コトバンクでも、山茶花は晩秋のころに花をつける植物として説明され、季語としては冬に分類されています。一方、椿は春の季語として扱われます。
ただし、地域の気温、日当たり、品種によって開花時期は重なります。特に冬の終わりから春先は、季節だけで判断せず、葉や散り方も見てみましょう。

葉の大きさ・ツヤ・縁のぎざぎざ
葉も大きなヒントになります。椿の葉は厚く、表面にツヤがあるものが多いと説明されます。山茶花の葉は椿より小ぶりに見えることが多く、縁の細かなぎざぎざが目立ちやすい傾向があります。
山茶花は、若枝や葉柄に細かい毛があることも見分けの材料になります。花が似ていて迷うときは、花びらだけでなく、葉の大きさ、ツヤ、縁、葉の付け根あたりを観察してみてください。
とはいえ、葉だけで必ず見分けられるわけではありません。園芸品種では葉の印象が近いものもあるため、葉は「有力な手がかり」として使うのがおすすめです。
散り方
よく知られている違いが、花の散り方です。椿は花ごと落ちるように見えることが多く、山茶花は花びらが一枚ずつばらばらに落ちることが多い花です。
この違いは、花が咲いている時期よりも、花が終わるころにわかりやすくなります。木の下に落ちている花を見て、花ごと落ちているか、花びらが散っているかを確認すると見分けの助けになります。
ただし、これも絶対ではありません。後述する寒椿のように、椿の名前がついていても山茶花に近い散り方をするものがあります。
香り・実・毛の見方
香りは、山茶花のほうが感じやすい品種が多いとされます。椿にも香る品種はありますが、一般的には香りだけで見分けるより、補助的なポイントとして考えるとよいでしょう。
もう少し専門的に見るなら、若枝や葉柄の細毛、果実の形なども手がかりになります。ただし初心者が外で見分けるなら、まずは開花時期、葉、散り方を優先するほうが実用的です。
椿とは
椿は、ツバキ科ツバキ属の常緑高木または低木です。代表的な学名は Camellia japonica で、KewのPlants of the World Onlineでも Theaceae、つまりツバキ科の植物として整理されています。
コトバンクでは、椿は本州以南に自生し、葉は厚くツヤがあり、春に赤い花をつける植物として説明されています。花びらの下部と雄しべの基部が合着していることも、椿らしい特徴です。

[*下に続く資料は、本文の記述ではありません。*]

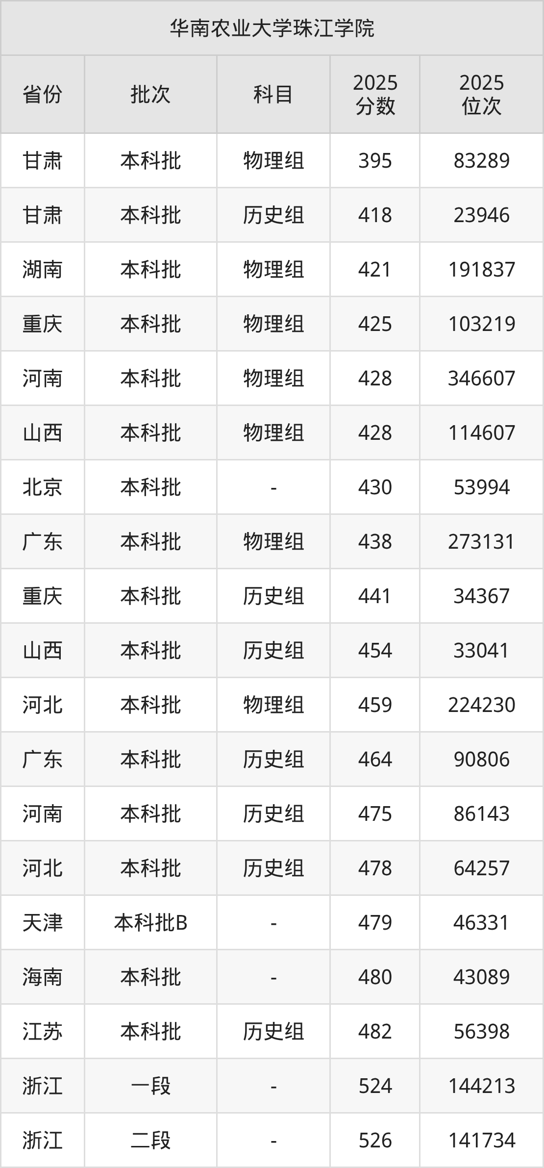 二、华南农业大学珠江学院2025年录取分数线汇总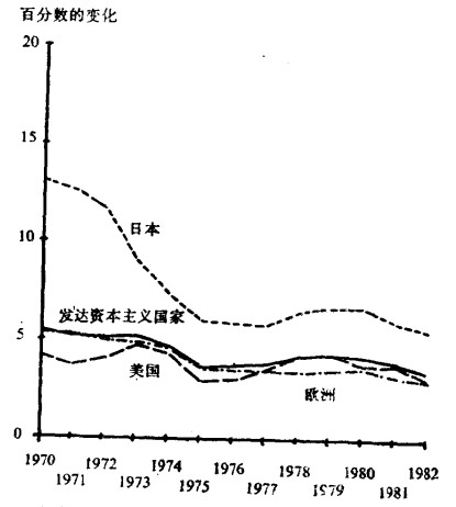 1973年以来积累的下降主要发生在经济繁荣的发源地——日本和欧洲。到1982年时,日本因投资停滞使企业积累率下降到了5.7%,比70年代初期的积累率的一半还低。在欧洲,这一积累率从5.5%下降到了3.1%。在美国,1980年所达到的积累率为4%,这与70年代初的积累率相当。1982年它只下降到3.2%(见图16•l)。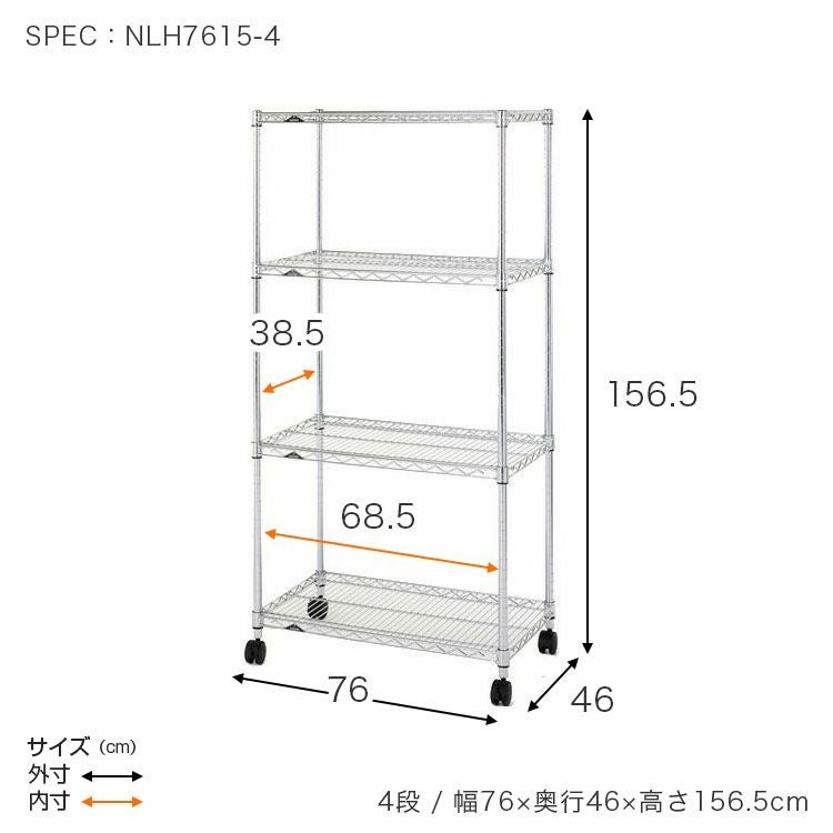 他の画像を見る 交換保証対象品 送料無料 ルミナスレギュラー 幅76cm 奥行46cm 高さ156.5cm NLH7615-4 スチールラック 幅75cm 4段 ルミナスレギュラー 幅76×奥行46×高さ156.5cm NLH7615-4 ¥ 13,800 税込

椿の種子からは椿油がとれることも知られています。ただし、この記事では園芸上の見分け方を扱います。食用・美容・健康用途については、商品の表示や専門家の案内に従ってください。
山茶花とは
山茶花は、ツバキ科ツバキ属の常緑小高木です。代表的な学名は Camellia sasanqua で、椿と同じ属の近い仲間です。
コトバンクでは、山茶花は九州・四国の山地に自生し、晩秋のころ白い花をつけ、散るときは花びらがばらばらに落ちる植物として説明されています。園芸品種では、白だけでなく赤、淡紅、八重咲きなどもあります。

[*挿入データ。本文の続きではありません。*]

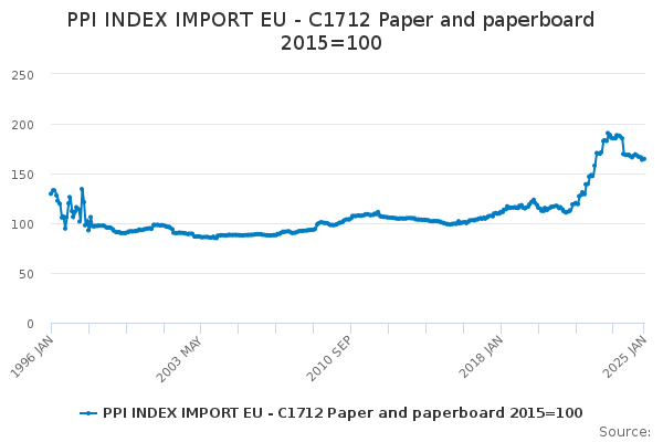 Download this time seriesPPI INDEX IMPORT EU - C1712 Paper and paperboard 2015=100
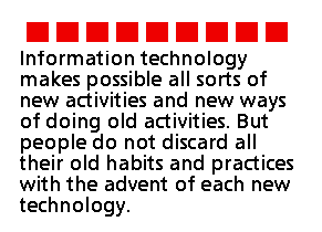 These are exciting times. Information technologies are increasing in speed, power, and sophistication, and they now can link together a vast array of devices into a network that spans the globe. They offer new ways of learning, working, and playing, as well as conducting global commerce. Some contend that these changes are revolutionary and will change the world; others argue that the changes are evolutionary, and that individuals and organizations will incorporate networked information technologies into their practices just as they incorporated many earlier media and technologies. In this book I take the view that these changes are neither revolutionary nor evolutionary but somewhere between: that they are co-evolutionary. New technologies are based on perceived needs and available capabilities. People adopt these new technologies if and when they deem the technologies useful and when they deem the effort and the costs appropriate. Sometimes individuals make these decisions; sometimes organizations make them. The result is that some technologies are adopted by some of the people some of the time. No matter how voluntary or involuntary the adoption process, individuals and organizations adapt technologies to their interests and practices, often in ways not anticipated by the designers of those technologies. Information technologies are more flexible and malleable to individual practices than are most other innovations, and this makes them especially adaptable. They also evolve more quickly than most other innovations, with new and improved versions appearing at a dizzying rate.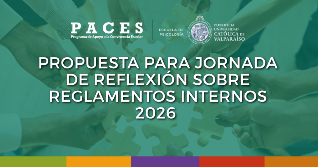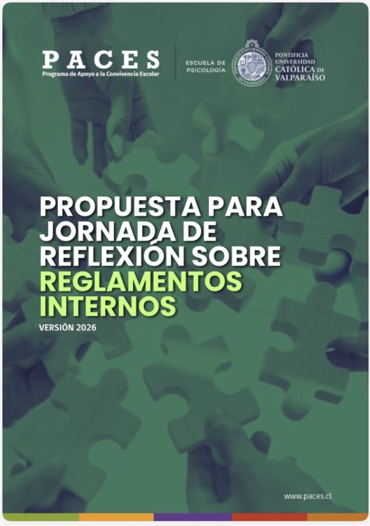 Esta propuesta, elaborada por el equipo PACES de la Escuela de Psicología de la Pontificia Universidad Católica de Valparaíso, busca fortalecer la reflexión, evaluación y socialización de los reglamentos internos junto a estudiantes, familias y equipos educativos.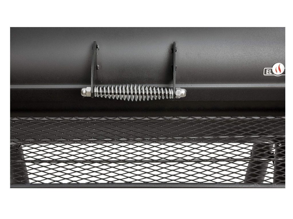 Buffalo has a side loading and two chambers with a cast iron grate. In both chambers, you can light a fire and use it as a classic grill, where food is prepared over hot coals. The chambers have a lid with a handle to shorten the grilling time and maintain the internal temperature. The main chamber has a chimney with a closable flap and an integrated thermometer, which allows perfect control of the preparation process.

「山茶花」という読みは、古い読みの「さんさか」や「さんざか」が変化したものとされます。漢字の並びからは読みづらい名前ですが、冬の庭や垣根で親しまれてきた花です。
寒椿など、見分けに迷いやすい花もある
椿と山茶花の見分けを少し難しくしているのが、寒椿や交雑・園芸品種の存在です。名前に「椿」がついていても、山茶花に近い時期に咲いたり、花びらがばらばらに散ったりするものがあります。
そのため、図鑑のようにきっぱり二分するより、「椿らしい特徴」「山茶花らしい特徴」をいくつか重ねて見るのが現実的です。庭木や公園の花を見分けるときは、花だけでなく、葉、散り方、咲いている季節、樹の雰囲気を合わせて観察してみてください。
椿・山茶花が好きな方へ贈る花ギフト
椿や山茶花は、冬から春の景色に似合う落ち着いた華やかさがあります。生花の季節感を楽しむのも素敵ですが、室内で長く飾りやすい花を贈りたい場合は、プリザーブドフラワーも選択肢になります。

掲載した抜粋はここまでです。